PROBLEM TO WORK ON: Using the data that follows, output only the lines from the line with "iRead Subskills Area" up to and including the line with "- un chauffage", exactly, leaving pictures aside.

INFORMATION PROVIDED:
--------------------
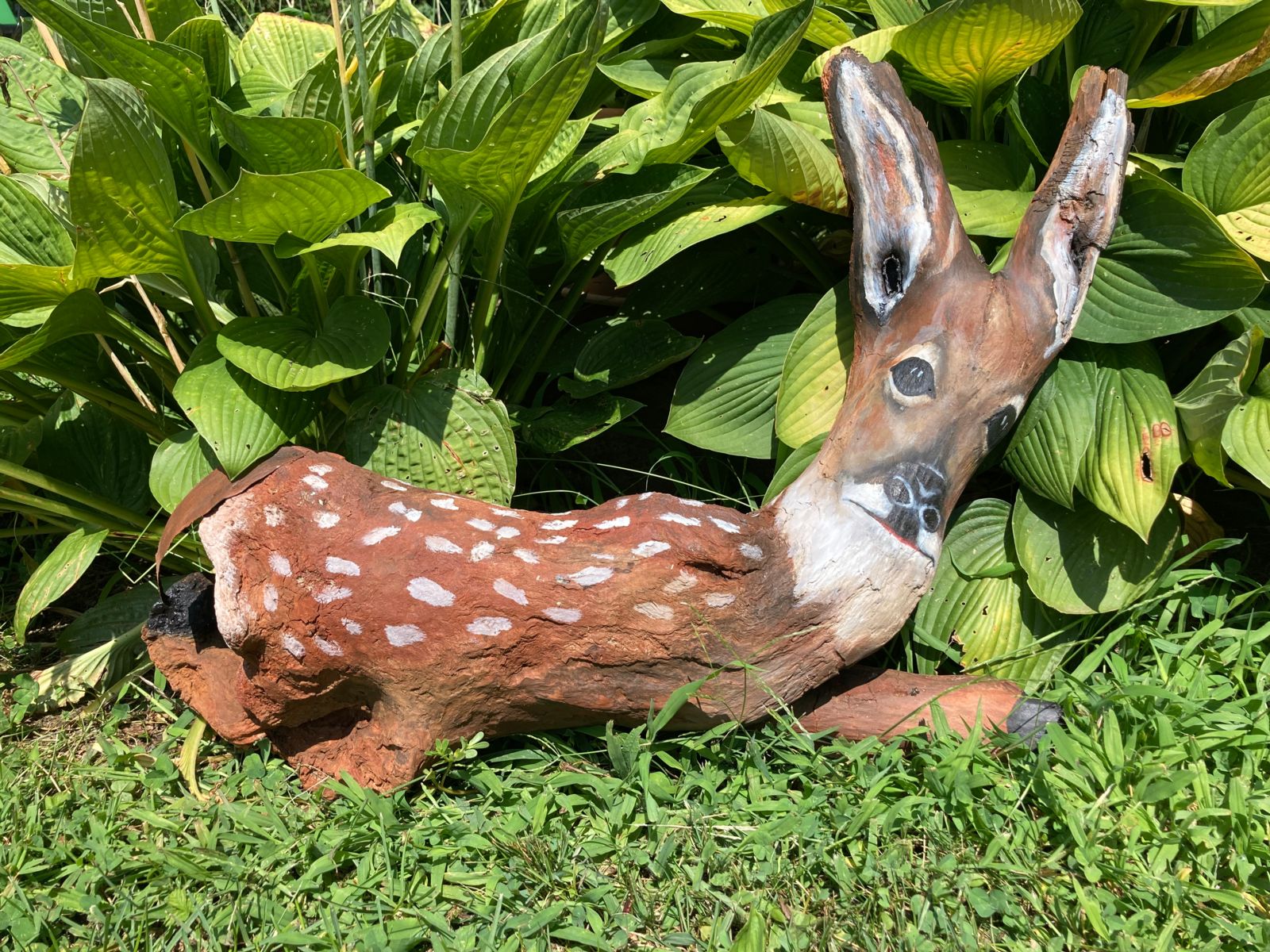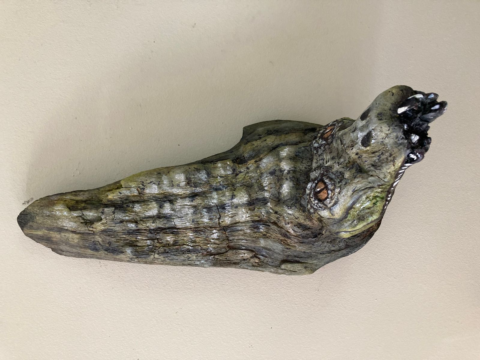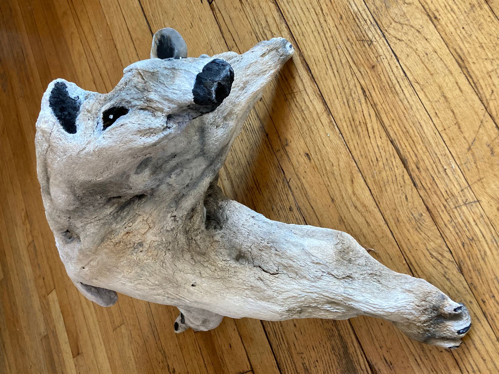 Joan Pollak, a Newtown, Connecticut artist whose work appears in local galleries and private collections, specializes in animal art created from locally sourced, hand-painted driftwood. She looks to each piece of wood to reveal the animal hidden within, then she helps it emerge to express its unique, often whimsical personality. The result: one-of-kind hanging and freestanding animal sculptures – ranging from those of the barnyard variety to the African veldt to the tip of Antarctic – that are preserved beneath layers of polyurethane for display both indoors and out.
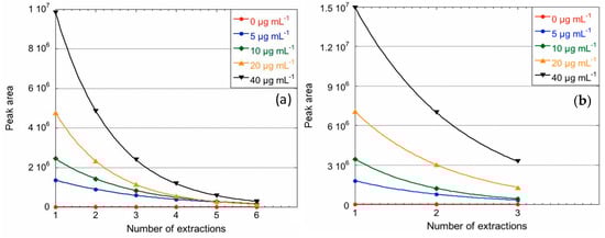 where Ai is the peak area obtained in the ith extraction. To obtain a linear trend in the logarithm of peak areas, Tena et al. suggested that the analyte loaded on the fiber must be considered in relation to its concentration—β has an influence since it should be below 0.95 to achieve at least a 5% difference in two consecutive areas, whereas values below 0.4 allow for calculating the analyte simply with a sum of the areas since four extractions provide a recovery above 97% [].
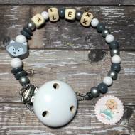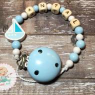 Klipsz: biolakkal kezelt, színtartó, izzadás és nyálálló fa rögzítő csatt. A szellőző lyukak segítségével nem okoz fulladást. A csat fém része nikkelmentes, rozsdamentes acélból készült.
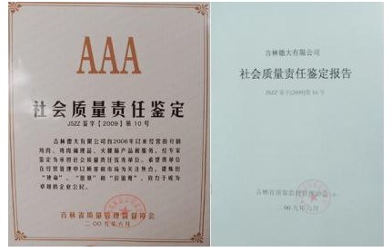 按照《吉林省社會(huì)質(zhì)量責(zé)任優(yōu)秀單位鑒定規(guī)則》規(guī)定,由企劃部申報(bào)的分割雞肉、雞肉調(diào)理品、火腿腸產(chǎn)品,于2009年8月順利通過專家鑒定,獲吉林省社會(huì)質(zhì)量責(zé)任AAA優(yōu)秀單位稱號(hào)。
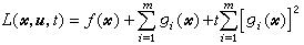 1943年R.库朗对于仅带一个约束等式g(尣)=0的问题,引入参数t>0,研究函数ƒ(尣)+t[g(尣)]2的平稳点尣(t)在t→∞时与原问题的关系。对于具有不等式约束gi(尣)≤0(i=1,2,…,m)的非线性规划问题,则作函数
--------------------
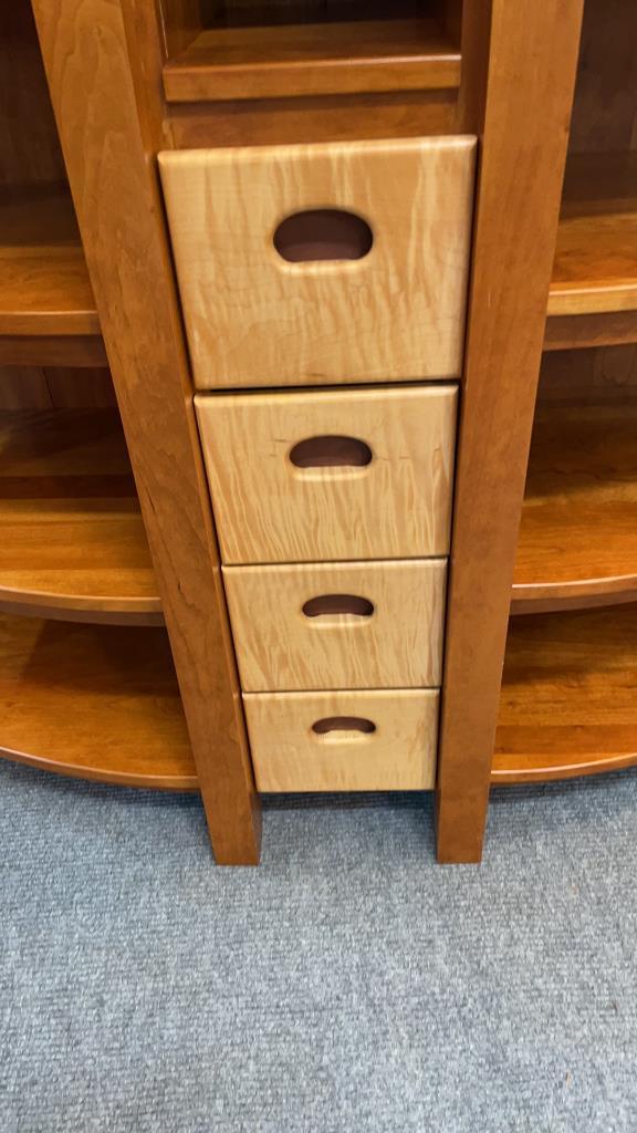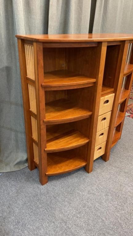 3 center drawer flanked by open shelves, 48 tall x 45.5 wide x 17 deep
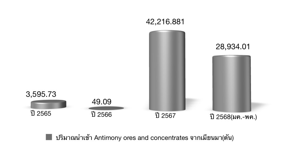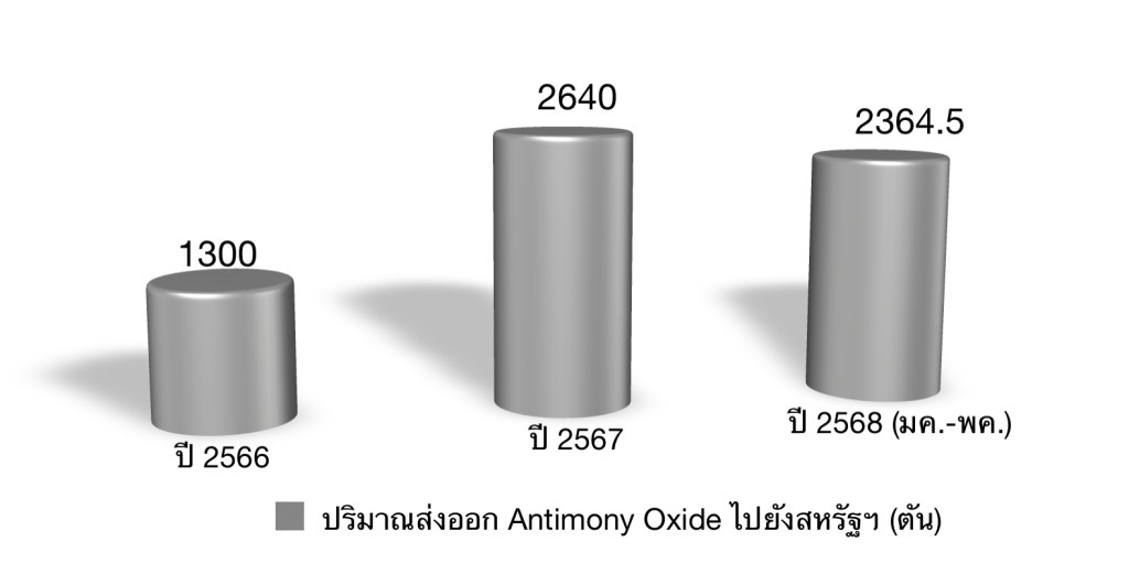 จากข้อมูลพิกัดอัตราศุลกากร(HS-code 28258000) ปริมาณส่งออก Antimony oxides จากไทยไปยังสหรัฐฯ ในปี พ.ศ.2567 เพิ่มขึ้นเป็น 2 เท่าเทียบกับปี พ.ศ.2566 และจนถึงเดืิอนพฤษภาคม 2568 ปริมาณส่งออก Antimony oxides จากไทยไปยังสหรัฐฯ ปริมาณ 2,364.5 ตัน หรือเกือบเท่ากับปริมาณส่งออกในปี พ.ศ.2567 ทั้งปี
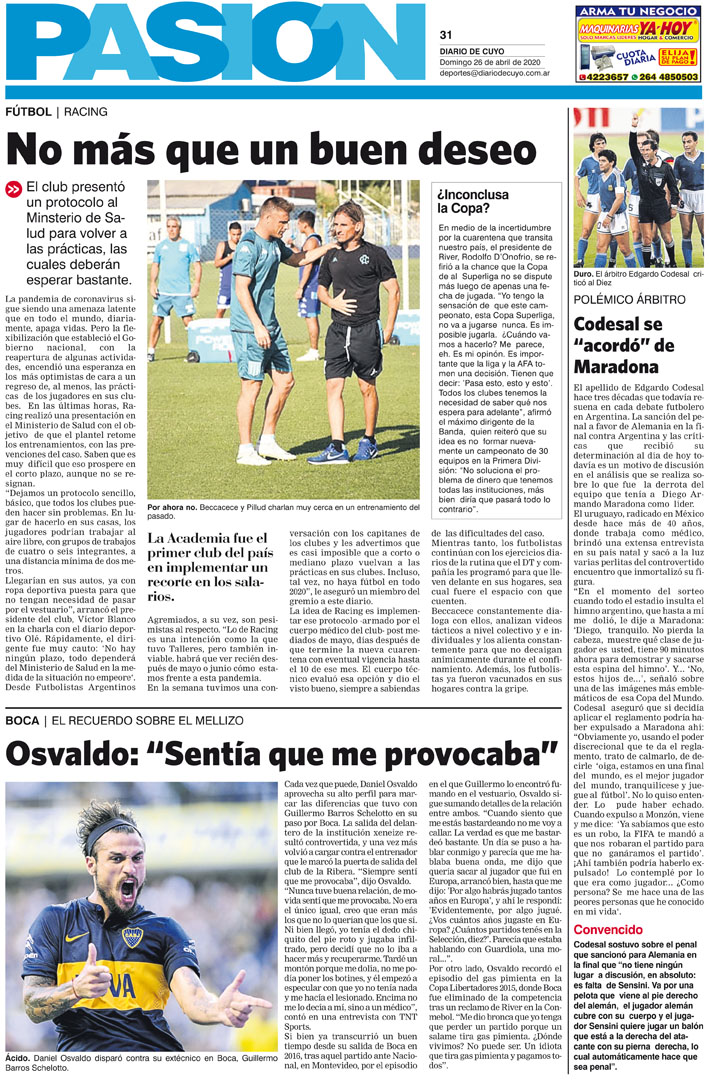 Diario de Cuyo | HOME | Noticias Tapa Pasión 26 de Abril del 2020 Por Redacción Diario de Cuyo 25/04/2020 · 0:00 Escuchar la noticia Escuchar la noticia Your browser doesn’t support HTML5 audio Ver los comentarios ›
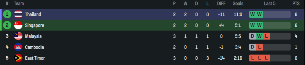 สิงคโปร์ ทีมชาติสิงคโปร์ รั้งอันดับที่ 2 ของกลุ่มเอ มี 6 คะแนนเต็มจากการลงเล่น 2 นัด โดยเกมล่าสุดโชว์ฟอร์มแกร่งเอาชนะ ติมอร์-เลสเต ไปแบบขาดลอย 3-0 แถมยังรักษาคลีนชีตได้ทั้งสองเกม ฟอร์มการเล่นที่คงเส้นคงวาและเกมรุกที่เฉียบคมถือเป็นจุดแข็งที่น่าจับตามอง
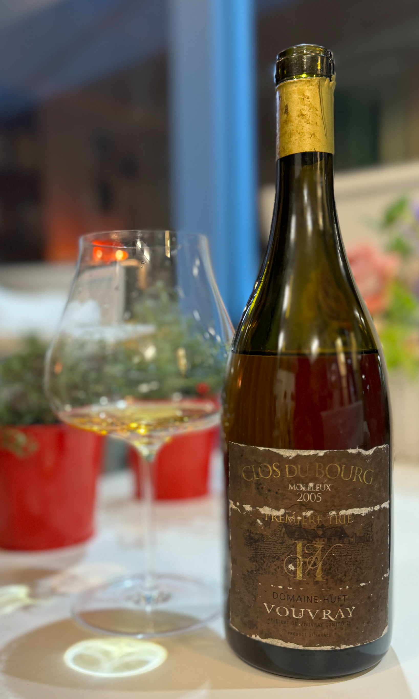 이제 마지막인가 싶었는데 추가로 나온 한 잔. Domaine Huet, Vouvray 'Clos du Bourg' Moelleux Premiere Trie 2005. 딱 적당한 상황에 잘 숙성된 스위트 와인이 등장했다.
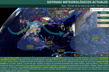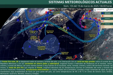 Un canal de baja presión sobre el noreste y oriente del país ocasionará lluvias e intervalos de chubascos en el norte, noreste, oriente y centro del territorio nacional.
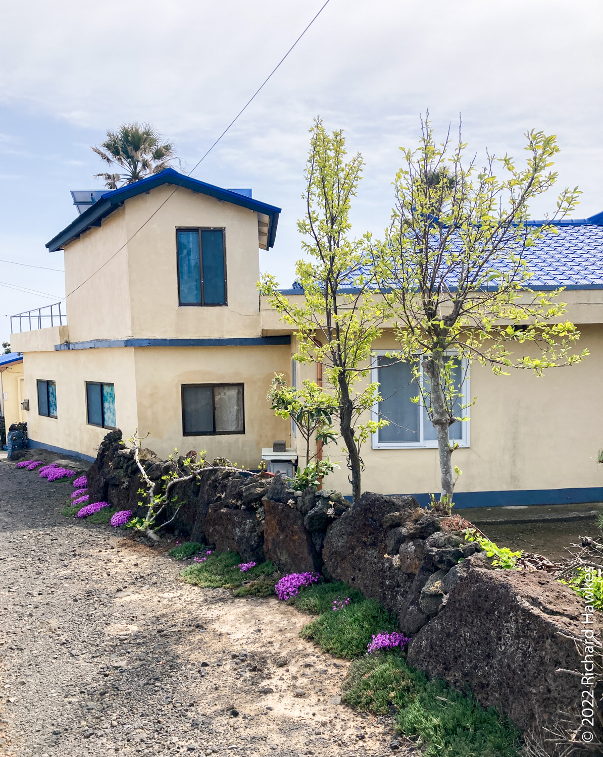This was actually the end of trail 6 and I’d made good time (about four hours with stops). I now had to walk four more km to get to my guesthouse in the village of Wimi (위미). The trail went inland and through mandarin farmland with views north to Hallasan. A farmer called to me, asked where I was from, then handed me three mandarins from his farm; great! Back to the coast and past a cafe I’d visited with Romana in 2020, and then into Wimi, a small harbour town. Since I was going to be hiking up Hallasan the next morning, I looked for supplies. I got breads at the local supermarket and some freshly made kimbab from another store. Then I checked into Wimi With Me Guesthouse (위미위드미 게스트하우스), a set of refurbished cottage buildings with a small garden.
--------------------
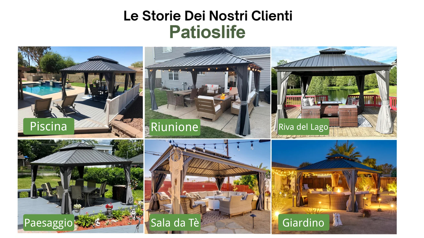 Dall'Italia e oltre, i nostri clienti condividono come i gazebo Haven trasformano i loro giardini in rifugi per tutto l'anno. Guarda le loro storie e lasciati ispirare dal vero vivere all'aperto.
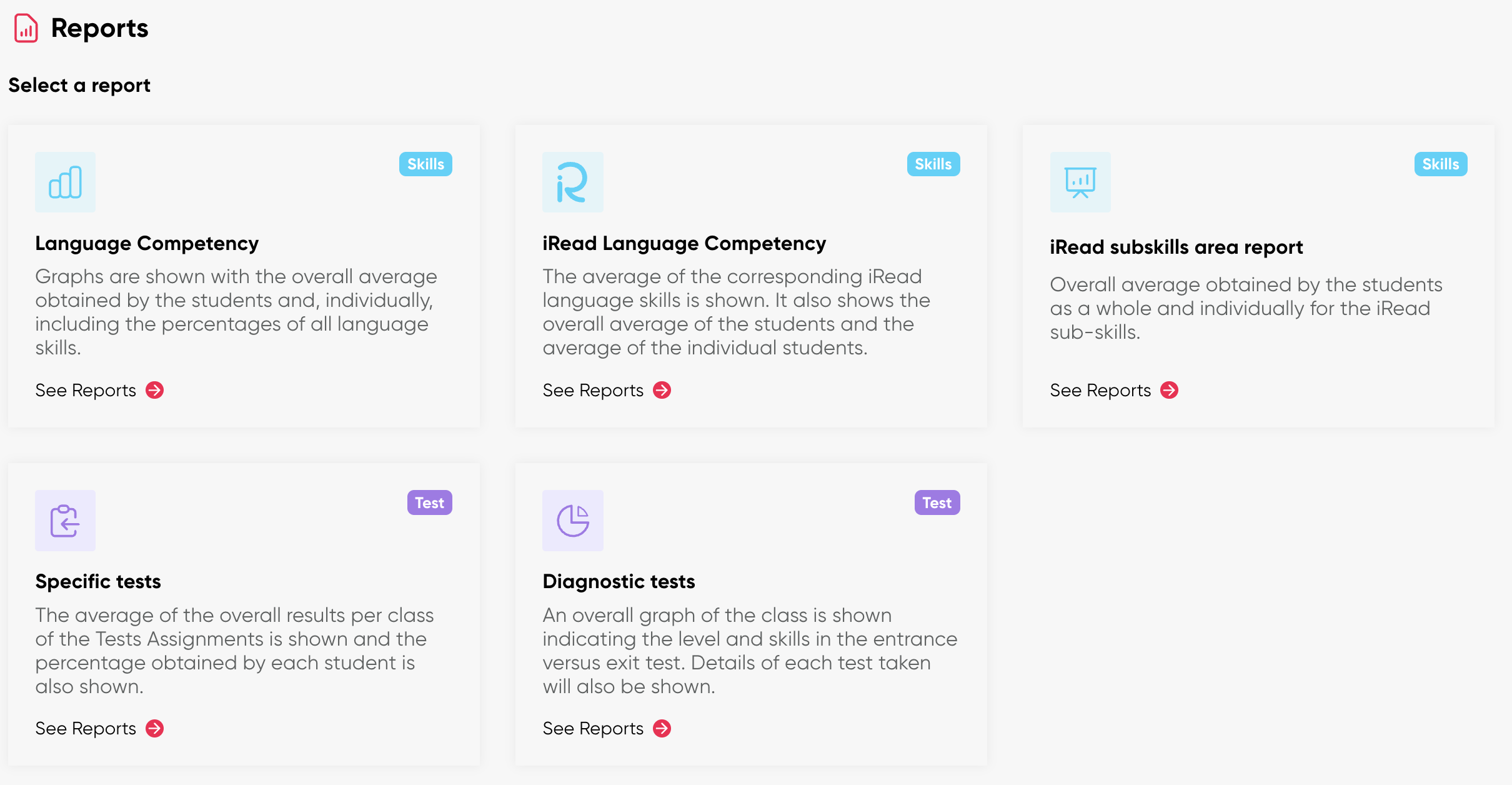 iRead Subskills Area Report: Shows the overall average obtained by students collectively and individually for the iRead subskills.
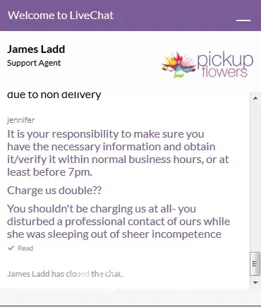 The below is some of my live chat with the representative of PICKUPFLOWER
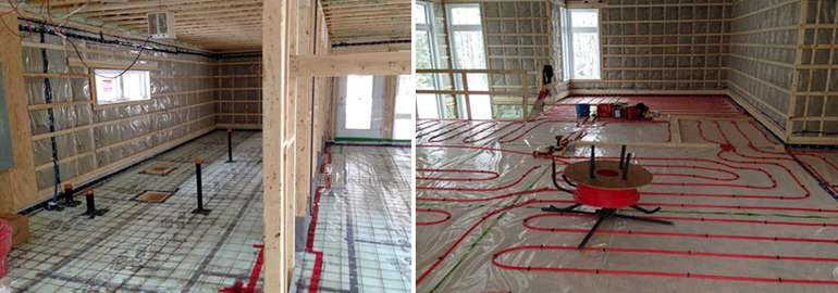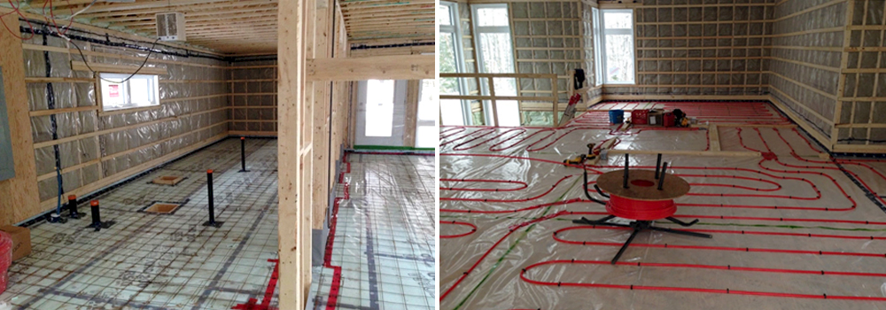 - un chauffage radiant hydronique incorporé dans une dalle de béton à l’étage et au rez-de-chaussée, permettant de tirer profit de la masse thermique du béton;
--------------------
TASK SOLUTION:
 iRead Subskills Area Report: Shows the overall average obtained by students collectively and individually for the iRead subskills.
 The below is some of my live chat with the representative of PICKUPFLOWER
 - un chauffage radiant hydronique incorporé dans une dalle de béton à l’étage et au rez-de-chaussée, permettant de tirer profit de la masse thermique du béton;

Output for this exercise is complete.